## WORK INSTRUCTION
Only the lines below between the one holding "REPORTER ON TV: A" and the one holding "彩色水泥瓦運用應留意的是瓦較", inclusive, are to be reproduced word for word; the pictures are to be left out.

## MATERIAL SHOWN

- Opening Delimiter -

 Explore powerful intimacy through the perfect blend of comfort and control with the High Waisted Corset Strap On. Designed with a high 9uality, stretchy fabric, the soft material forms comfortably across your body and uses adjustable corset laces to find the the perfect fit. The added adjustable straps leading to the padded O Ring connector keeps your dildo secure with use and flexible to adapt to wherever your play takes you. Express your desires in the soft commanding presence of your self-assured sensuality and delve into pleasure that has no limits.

- Closing Delimiter -
- Opening Delimiter -

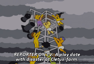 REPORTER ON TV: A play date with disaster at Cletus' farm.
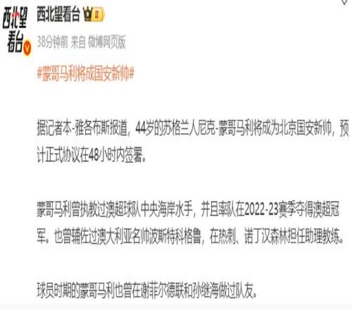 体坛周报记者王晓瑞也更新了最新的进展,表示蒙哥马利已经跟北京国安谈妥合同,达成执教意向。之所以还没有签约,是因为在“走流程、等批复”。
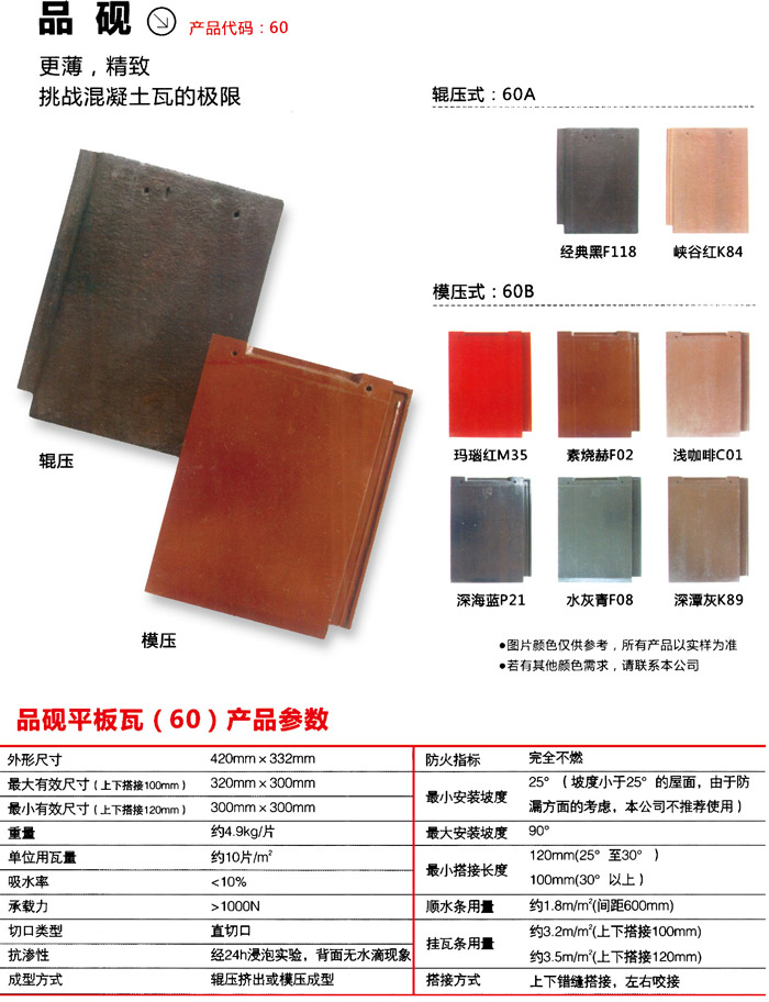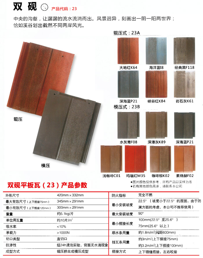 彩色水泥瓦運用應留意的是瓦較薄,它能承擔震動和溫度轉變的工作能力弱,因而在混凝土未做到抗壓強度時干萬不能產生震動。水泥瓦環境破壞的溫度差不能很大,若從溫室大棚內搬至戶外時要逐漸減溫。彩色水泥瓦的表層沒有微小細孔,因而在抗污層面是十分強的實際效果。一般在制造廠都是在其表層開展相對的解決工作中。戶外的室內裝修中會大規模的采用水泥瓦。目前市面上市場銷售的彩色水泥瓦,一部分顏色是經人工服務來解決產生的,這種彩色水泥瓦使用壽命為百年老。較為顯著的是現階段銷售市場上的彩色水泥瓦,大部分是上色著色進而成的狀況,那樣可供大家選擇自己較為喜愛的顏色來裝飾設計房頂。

- Closing Delimiter -
- Opening Delimiter -

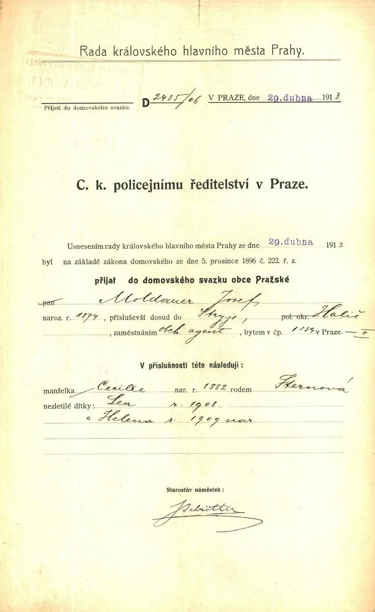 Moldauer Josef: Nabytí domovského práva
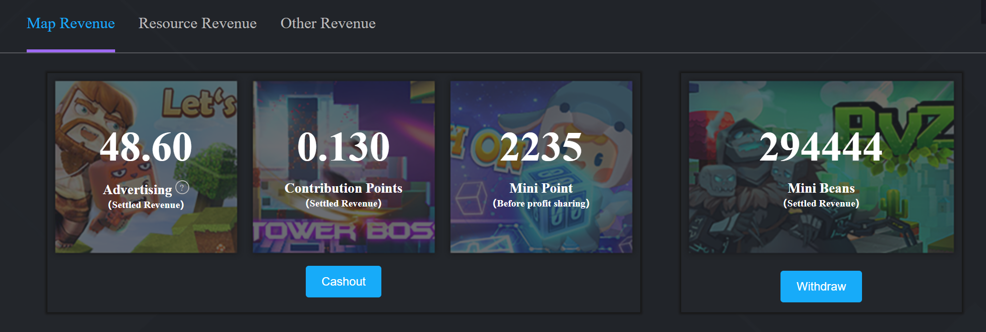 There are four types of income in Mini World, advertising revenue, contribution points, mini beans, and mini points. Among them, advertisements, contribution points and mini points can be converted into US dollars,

- Closing Delimiter -

## EXERCISE RESULT
 REPORTER ON TV: A play date with disaster at Cletus' farm.
 体坛周报记者王晓瑞也更新了最新的进展,表示蒙哥马利已经跟北京国安谈妥合同,达成执教意向。之所以还没有签约,是因为在“走流程、等批复”。
 彩色水泥瓦運用應留意的是瓦較薄,它能承擔震動和溫度轉變的工作能力弱,因而在混凝土未做到抗壓強度時干萬不能產生震動。水泥瓦環境破壞的溫度差不能很大,若從溫室大棚內搬至戶外時要逐漸減溫。彩色水泥瓦的表層沒有微小細孔,因而在抗污層面是十分強的實際效果。一般在制造廠都是在其表層開展相對的解決工作中。戶外的室內裝修中會大規模的采用水泥瓦。目前市面上市場銷售的彩色水泥瓦,一部分顏色是經人工服務來解決產生的,這種彩色水泥瓦使用壽命為百年老。較為顯著的是現階段銷售市場上的彩色水泥瓦,大部分是上色著色進而成的狀況,那樣可供大家選擇自己較為喜愛的顏色來裝飾設計房頂。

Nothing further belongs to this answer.